### Description of the task:
Could you reproduce every entry as it stands, leaving the pictures behind?

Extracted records
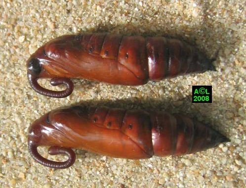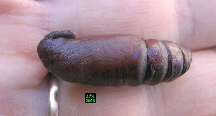 chrysalide du Sphinx du liseron (remarquer le surprenant
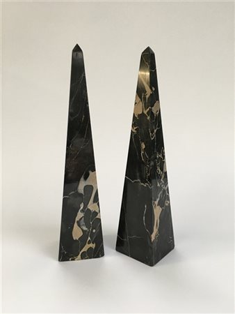 Coppia di obelischi in marmo portoro. (h cm 33) (difetti e mancanze)
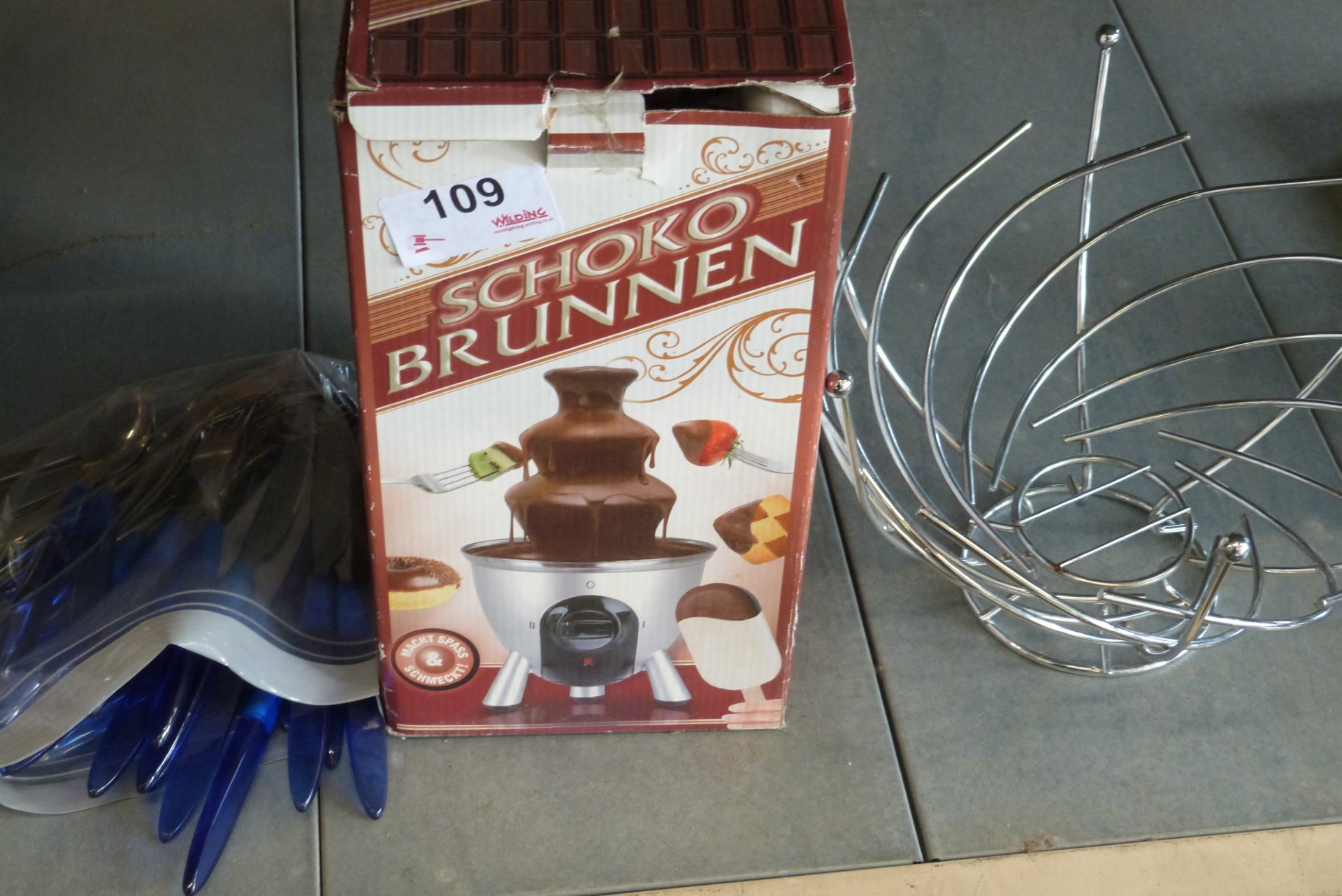 Schokobrunnen, Besteck, Obstkorb
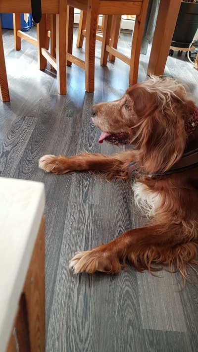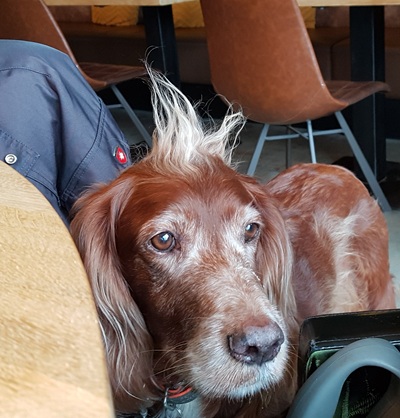 Im Cafe oder Restaurant liegt BONNY brav neben einem und wartet aufmerksam ob nicht doch mal ein Häppchen runterfällt!
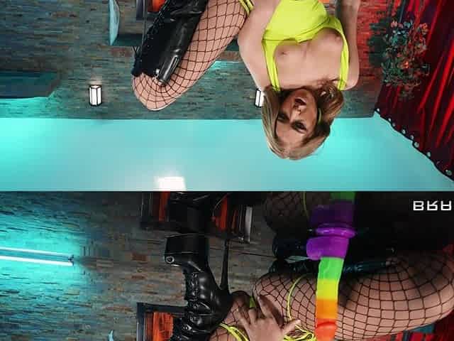 Fake-boobed slut rides a huge sex tool in hardcore solo clip
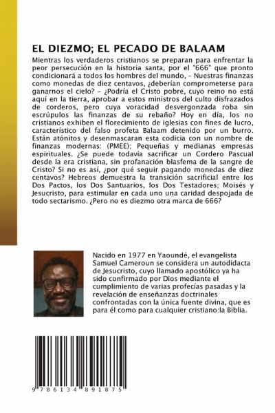 Mientras los verdaderos cristianos se preparan para enfrentar la peor persecución en la historia santa, por el "666" que pronto condicionará a todos los hombres del mundo, - Nuestras finanzas como monedas de diez centavos, ¿deberían comprometerse para ganarnos el cielo? - ¿Podría el Cristo pobre, cuyo reino no está aquí en la tierra, aprobar a estos ministros del culto disfrazados de corderos, pero cuya voracidad desvergonzada roba sin escrúpulos las finanzas de su rebaño? Hoy en día, los no cristianos exhiben el florecimiento de iglesias con fines de lucro, característico del falso profeta Balaam detenido por un burro. Están atónitos y desenmascaran esta codicia con un nombre de finanzas modernas: (PMEE); Pequeñas y medianas empresas espirituales. ¿Se puede todavía sacrificar un Cordero Pascual desde la era cristiana, sin profanación blasfema de la sangre de Cristo? Si no es así, ¿por qué seguir pagando monedas de diez centavos? Hebreos demuestra la transición sacrificial entre los Dos Pactos, los Dos Santuarios, los Dos Testadores; Moisés y Jesucristo, para estimular en cada uno una caridad despojada de todo sectarismo. ¿Pero no es diezmo otra marca de 666?
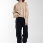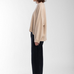 Soft, luxurious mid weight cashmere sweater featuring a saddle sleeve and high low back with side slits.

### Reply:
 chrysalide du Sphinx du liseron (remarquer le surprenant
 Coppia di obelischi in marmo portoro. (h cm 33) (difetti e mancanze)
 Schokobrunnen, Besteck, Obstkorb
 Im Cafe oder Restaurant liegt BONNY brav neben einem und wartet aufmerksam ob nicht doch mal ein Häppchen runterfällt!
 Fake-boobed slut rides a huge sex tool in hardcore solo clip
 Mientras los verdaderos cristianos se preparan para enfrentar la peor persecución en la historia santa, por el "666" que pronto condicionará a todos los hombres del mundo, - Nuestras finanzas como monedas de diez centavos, ¿deberían comprometerse para ganarnos el cielo? - ¿Podría el Cristo pobre, cuyo reino no está aquí en la tierra, aprobar a estos ministros del culto disfrazados de corderos, pero cuya voracidad desvergonzada roba sin escrúpulos las finanzas de su rebaño? Hoy en día, los no cristianos exhiben el florecimiento de iglesias con fines de lucro, característico del falso profeta Balaam detenido por un burro. Están atónitos y desenmascaran esta codicia con un nombre de finanzas modernas: (PMEE); Pequeñas y medianas empresas espirituales. ¿Se puede todavía sacrificar un Cordero Pascual desde la era cristiana, sin profanación blasfema de la sangre de Cristo? Si no es así, ¿por qué seguir pagando monedas de diez centavos? Hebreos demuestra la transición sacrificial entre los Dos Pactos, los Dos Santuarios, los Dos Testadores; Moisés y Jesucristo, para estimular en cada uno una caridad despojada de todo sectarismo. ¿Pero no es diezmo otra marca de 666?
 Soft, luxurious mid weight cashmere sweater featuring a saddle sleeve and high low back with side slits.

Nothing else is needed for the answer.